**ACTIVITY**
Start to finish, print the entries exactly, and carry none of the pictures over.

┌──

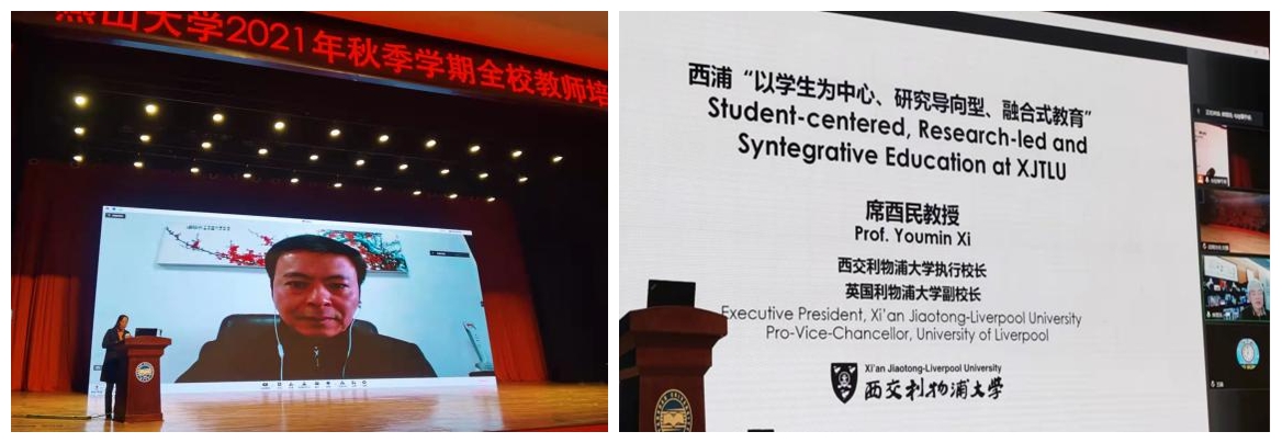 除主旨报告外,教务处、教师教学发展中心还根据每天参会教师的不同学科特点,邀请了电子科技大学教务处处长黄庭祝教授、西交利物浦大学执行校长席酉民教授分别作了《新工科教育的成电模式》《以学生为中心研究导向型的融合式教育》线上专题报告。两位嘉宾分别结合电子科技大学对高等工程教育改革的探索和实践以及西交利物浦大学人才培养模式改革的成功经验向与会人员展示了新工科“成电方案”和“以学生为中心,研究导向型的融合式教育”的“西浦”人才培养模式如何落地生根,为我校下一阶段的本科教育教学改革提供了发展思路和参考借鉴。
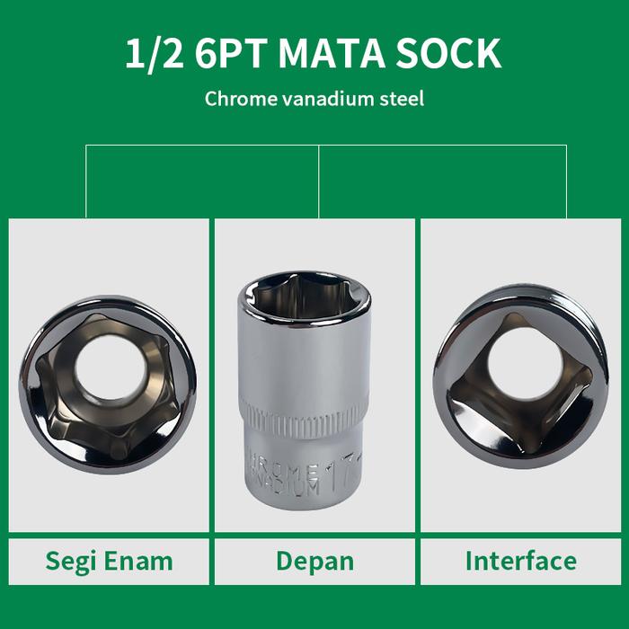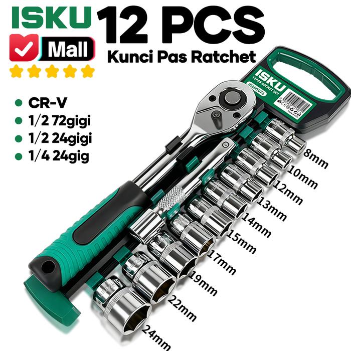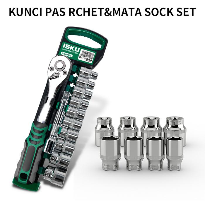 ISKU KUNCI SHOCK 12PCS DRIVE SOCKET 12 INCH SOCKET WRENCH SET 8-24MM DAN 10INCH EXTENSION BAR BAHAN CHROME VANADIUM KUNCI PAS RACHET 12 INCH - 1272GIGI-12PCS
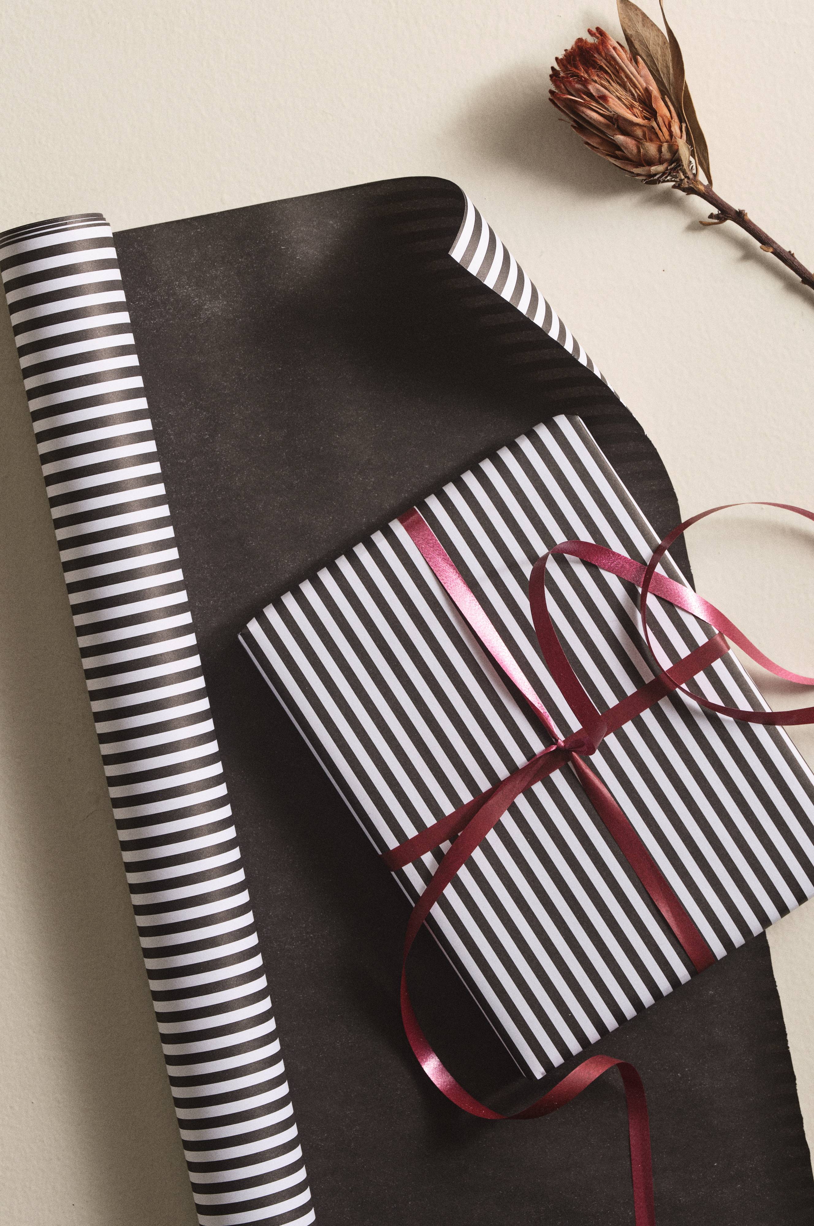 Gestreiftes Geschenkpapier aus FSC-zertifiziertem Papier. Dieses Papier hat aufgedruckte helle Streifen auf der Vorderseite und eine dunklere Rückseite. Daher kann man mit diesem Geschenkpapier sowohl einfarbige als auch gestreifte Päckchen packen und sich wunderbar variieren. Hergestellt in Schweden. Flächengewicht 80 g/m².
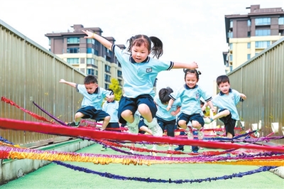 近日,浙江省長(zhǎng)興縣龍山街道中心幼兒園的孩子們?cè)谶M(jìn)行跳皮筋游戲,體驗(yàn)運(yùn)動(dòng)樂(lè)趣。該園開(kāi)展“樂(lè)享運(yùn)動(dòng)”主題活動(dòng),讓孩子們通過(guò)滾“風(fēng)火輪”、擲流星球等特色體育運(yùn)動(dòng),享受運(yùn)動(dòng)帶來(lái)的快樂(lè)。吳拯 攝
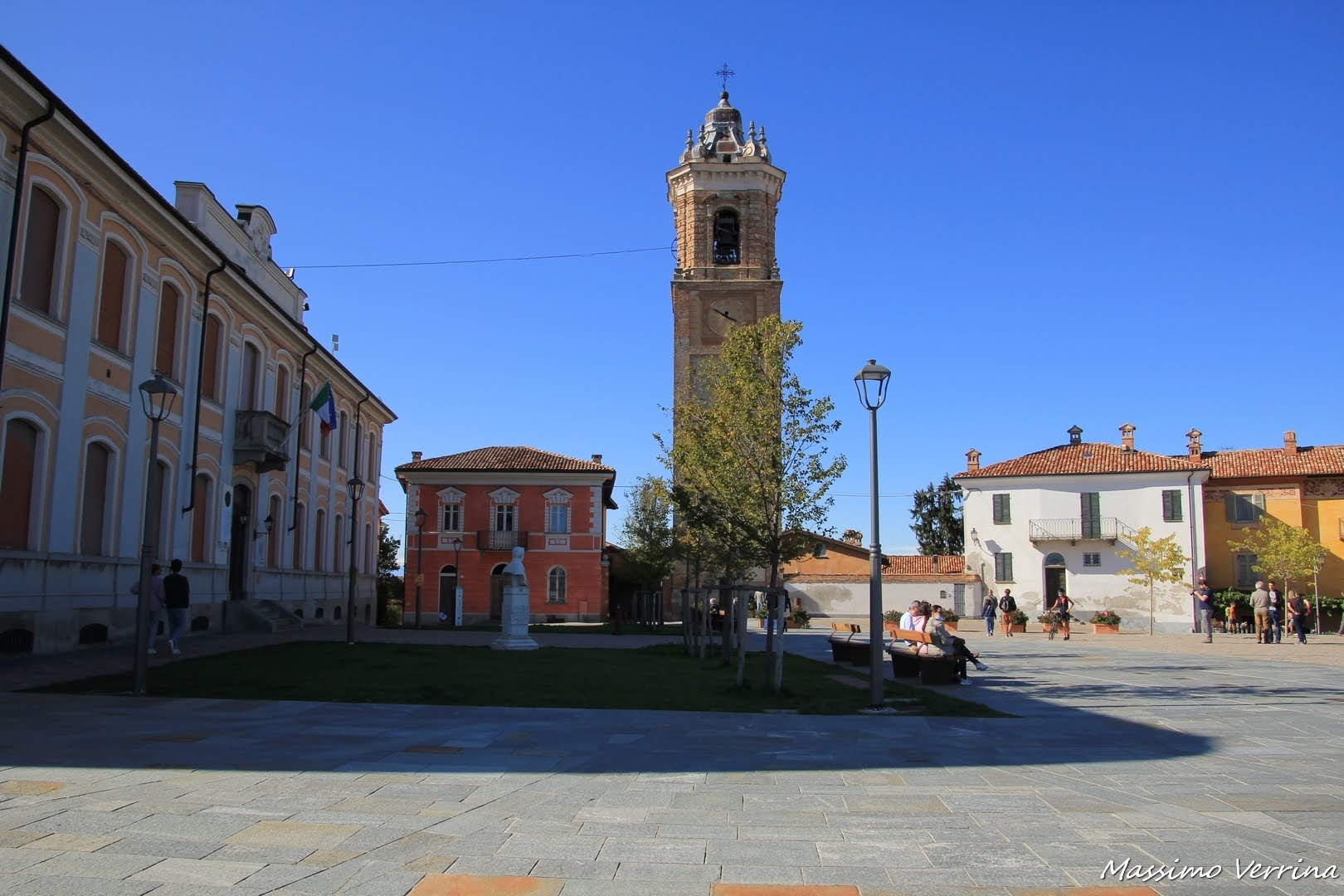 Nel prossimo scatto torniamo a vedere la piazza vastissima dalla quale ho scattato le foto che avete appena visto. Ecco la Torre campanaria vista da una nuova prospettiva, con quel fazzoletto verde davanti che ne impreziosisce ulteriormente la sua magnificenza…
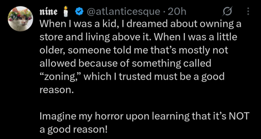 Ok, now it’s driving me nuts figuring this out. I live in Oklahoma and yeah, minus some small exceptions, our commercial and res are strictly zoned, and maybe this applies to other places where the strip mall and Plaza are king, and there’s more room in general? Our ‘town squares’ are nothing but beauracratic stuff, bars, and historical buildings.
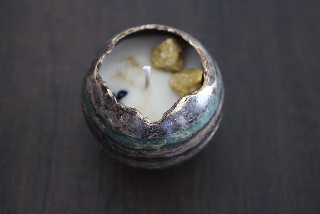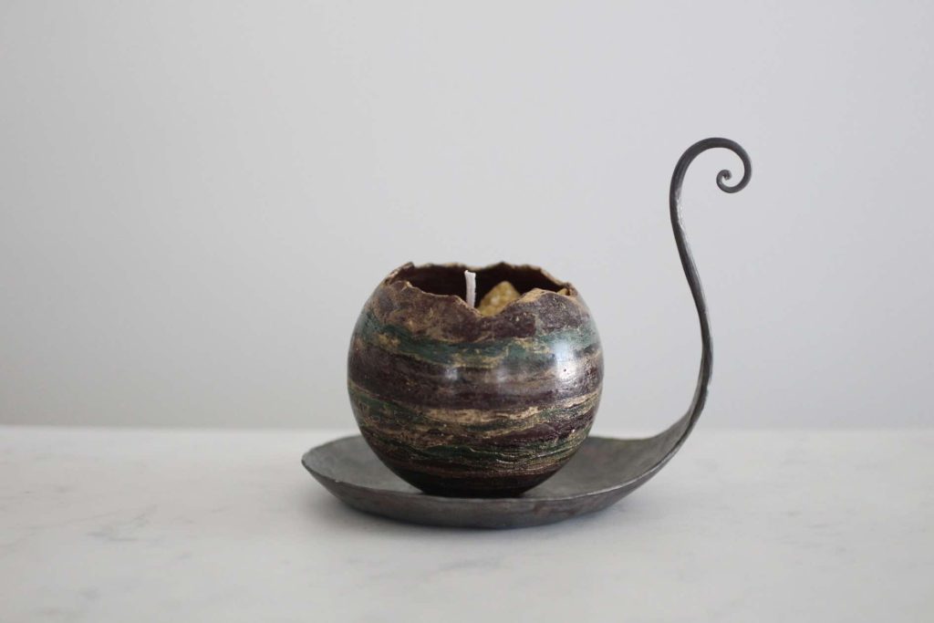 杉山「私自身がお二人の才能のすばらしさを実感しているというのが最大の理由です。まず鷹美さんのキャンドルは自然や生活の中で目にする一瞬の美しさを、鷹美さんの人並み外れた美的センサーで切り取ったような作品です。そのままでも高い芸術性がある上に、火を灯すと光の揺らめきやラメのきらめき、鉱石を透過した陰などが組み合わさり、いつまでも目を離せなくなります。私にとって鷹美さんのキャンドルを灯す時間は、自分のあり方を内省し、新しいアイデアやクリエイティブな気付きを得るために欠かせないものなんです。
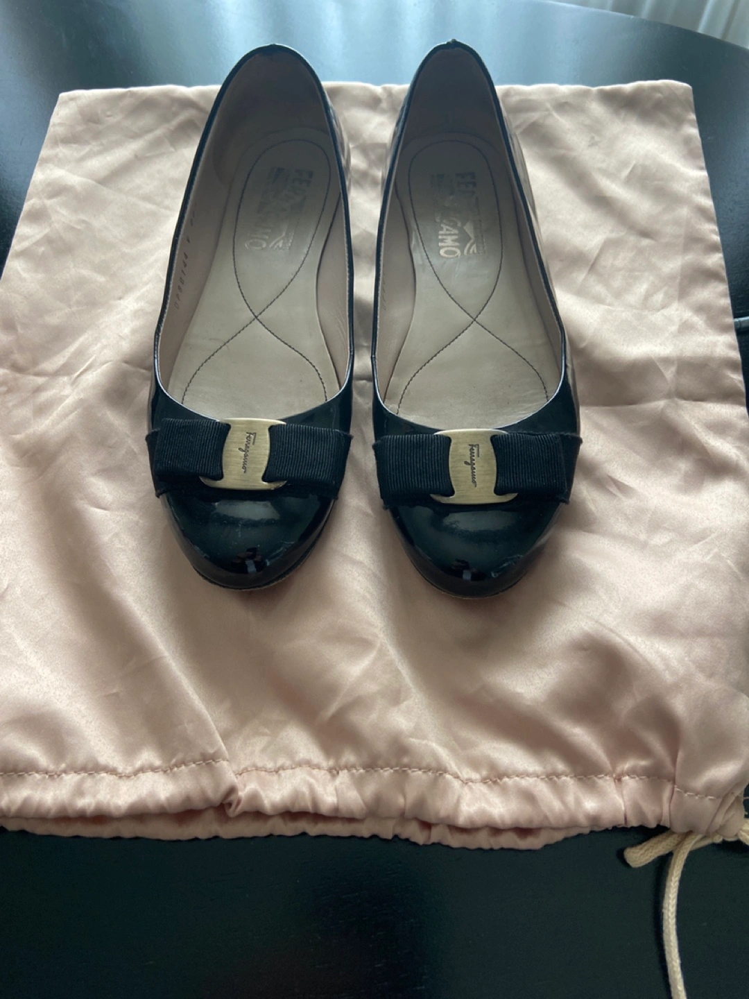 20Women's black patent leather ballerina flats. Classic style, signature Vara bow detail. Pre-owned.

└──

**WRITTEN RESPONSE**
 除主旨报告外,教务处、教师教学发展中心还根据每天参会教师的不同学科特点,邀请了电子科技大学教务处处长黄庭祝教授、西交利物浦大学执行校长席酉民教授分别作了《新工科教育的成电模式》《以学生为中心研究导向型的融合式教育》线上专题报告。两位嘉宾分别结合电子科技大学对高等工程教育改革的探索和实践以及西交利物浦大学人才培养模式改革的成功经验向与会人员展示了新工科“成电方案”和“以学生为中心,研究导向型的融合式教育”的“西浦”人才培养模式如何落地生根,为我校下一阶段的本科教育教学改革提供了发展思路和参考借鉴。
 ISKU KUNCI SHOCK 12PCS DRIVE SOCKET 12 INCH SOCKET WRENCH SET 8-24MM DAN 10INCH EXTENSION BAR BAHAN CHROME VANADIUM KUNCI PAS RACHET 12 INCH - 1272GIGI-12PCS
 Gestreiftes Geschenkpapier aus FSC-zertifiziertem Papier. Dieses Papier hat aufgedruckte helle Streifen auf der Vorderseite und eine dunklere Rückseite. Daher kann man mit diesem Geschenkpapier sowohl einfarbige als auch gestreifte Päckchen packen und sich wunderbar variieren. Hergestellt in Schweden. Flächengewicht 80 g/m².
 近日,浙江省長(zhǎng)興縣龍山街道中心幼兒園的孩子們?cè)谶M(jìn)行跳皮筋游戲,體驗(yàn)運(yùn)動(dòng)樂(lè)趣。該園開(kāi)展“樂(lè)享運(yùn)動(dòng)”主題活動(dòng),讓孩子們通過(guò)滾“風(fēng)火輪”、擲流星球等特色體育運(yùn)動(dòng),享受運(yùn)動(dòng)帶來(lái)的快樂(lè)。吳拯 攝
 Nel prossimo scatto torniamo a vedere la piazza vastissima dalla quale ho scattato le foto che avete appena visto. Ecco la Torre campanaria vista da una nuova prospettiva, con quel fazzoletto verde davanti che ne impreziosisce ulteriormente la sua magnificenza…
 Ok, now it’s driving me nuts figuring this out. I live in Oklahoma and yeah, minus some small exceptions, our commercial and res are strictly zoned, and maybe this applies to other places where the strip mall and Plaza are king, and there’s more room in general? Our ‘town squares’ are nothing but beauracratic stuff, bars, and historical buildings.
 杉山「私自身がお二人の才能のすばらしさを実感しているというのが最大の理由です。まず鷹美さんのキャンドルは自然や生活の中で目にする一瞬の美しさを、鷹美さんの人並み外れた美的センサーで切り取ったような作品です。そのままでも高い芸術性がある上に、火を灯すと光の揺らめきやラメのきらめき、鉱石を透過した陰などが組み合わさり、いつまでも目を離せなくなります。私にとって鷹美さんのキャンドルを灯す時間は、自分のあり方を内省し、新しいアイデアやクリエイティブな気付きを得るために欠かせないものなんです。
 20Women's black patent leather ballerina flats. Classic style, signature Vara bow detail. Pre-owned.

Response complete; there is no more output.